* **Your instructions**
Make an exact copy of the listing underneath, skipping each picture.

* **Supplied material**

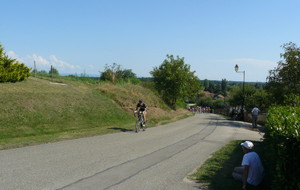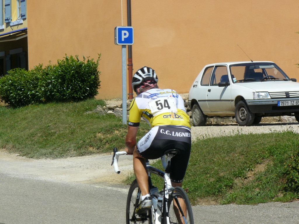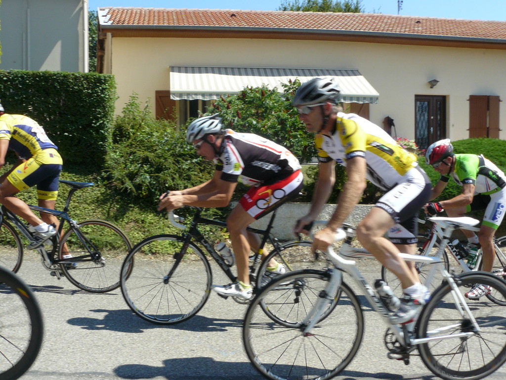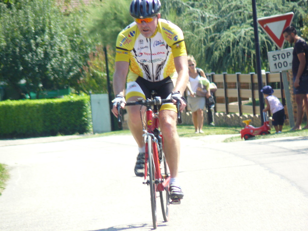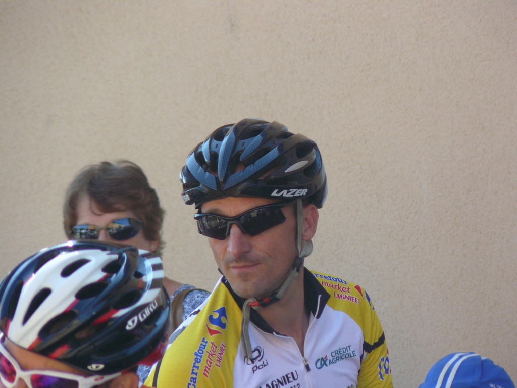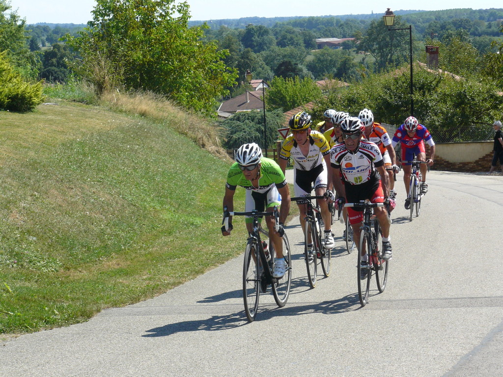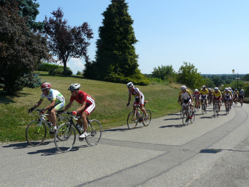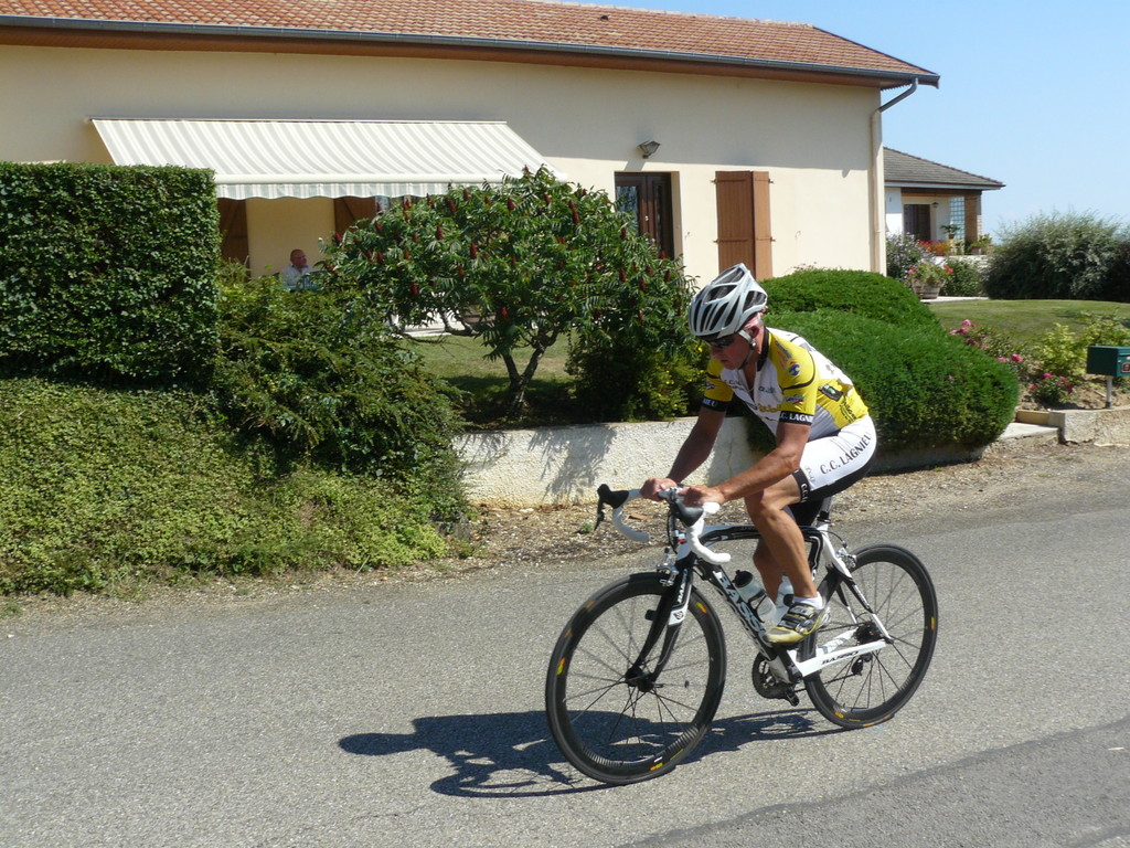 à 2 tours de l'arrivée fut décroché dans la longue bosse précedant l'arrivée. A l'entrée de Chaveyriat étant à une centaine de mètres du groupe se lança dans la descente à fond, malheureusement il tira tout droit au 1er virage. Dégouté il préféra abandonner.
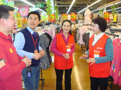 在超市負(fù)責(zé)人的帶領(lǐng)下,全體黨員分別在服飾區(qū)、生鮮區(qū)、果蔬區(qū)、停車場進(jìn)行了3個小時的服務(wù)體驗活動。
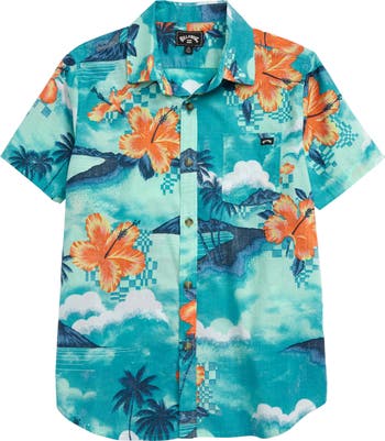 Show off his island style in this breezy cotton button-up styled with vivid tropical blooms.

* **Exercise result**
 à 2 tours de l'arrivée fut décroché dans la longue bosse précedant l'arrivée. A l'entrée de Chaveyriat étant à une centaine de mètres du groupe se lança dans la descente à fond, malheureusement il tira tout droit au 1er virage. Dégouté il préféra abandonner.
 在超市負(fù)責(zé)人的帶領(lǐng)下,全體黨員分別在服飾區(qū)、生鮮區(qū)、果蔬區(qū)、停車場進(jìn)行了3個小時的服務(wù)體驗活動。
 Show off his island style in this breezy cotton button-up styled with vivid tropical blooms.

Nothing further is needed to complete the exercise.